Newsroom

Big Data: Dating Apps

Big Data: Dating Apps

Over the summer, our Spanish colleague Héctor Pérez Arteaga wrote about a much-used application of Big Data: Dating Apps. You might have been on holiday with your family and loved-one(s) and missed the article, so we wanted to come back to it here. 

We are not new to dating apps and finding love online. ‘Hot or Not’, the site that lets you rate other people’s attractiveness, was launched in the US in 2000. It inspired many of the dating apps that are currently still around. According to the film The Social Network, it was also the inspiration behind Facebook.
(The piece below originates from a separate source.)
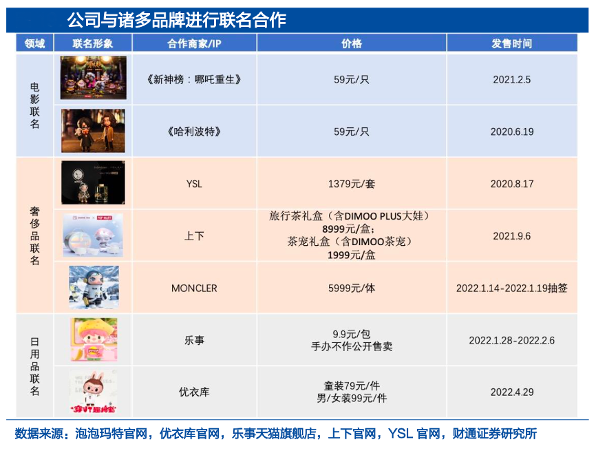 經(jīng)典案例:根據(jù)泡泡瑪特官網(wǎng)、優(yōu)衣庫官網(wǎng)、樂事天貓旗艦店、上下官網(wǎng)、YSL官網(wǎng)、財通證券研究所等綜合資訊表明,泡泡瑪特不斷通過將 IP 與實體消費品聯(lián)名結(jié)合,將自身 IP 融入大眾消 費,進一步增強 IP 的曝光與破圈。 “DIMOO”與愛馬仕集團旗下中國奢侈品“上下”品牌達成合作,推出 “SHANG XIA × DIMOO WORLD”聯(lián)名禮盒,京東、哈根達斯、絲芙蘭等亦與 DIMOO 達成品牌合作。

Mark Zuckerberg created Facemash; using pictures of Harvard students to let visitors vote which of the two pictures presented showed the most attractive person.

It changed the dating scene into another of society’s instant gratifications. What used to be a game of chance, is now subject to algorithm. But it works and 1 in 4 relationships nowadays starts online – a number that is likely to be higher amongst Millennials.

What is behind these apps is Big Data, distributed computing, cloud systems (like, Amazon, Azure, Google Cloud) and reduced costs of soft- and hardware.

Let’s look at Tinder, the king of dating apps. Tinder operates in 196 countries. Users swipe 1.6 billion times a day on average. This results in 26 million matches and enables 1.5 million dates a week. It really is a numbers game!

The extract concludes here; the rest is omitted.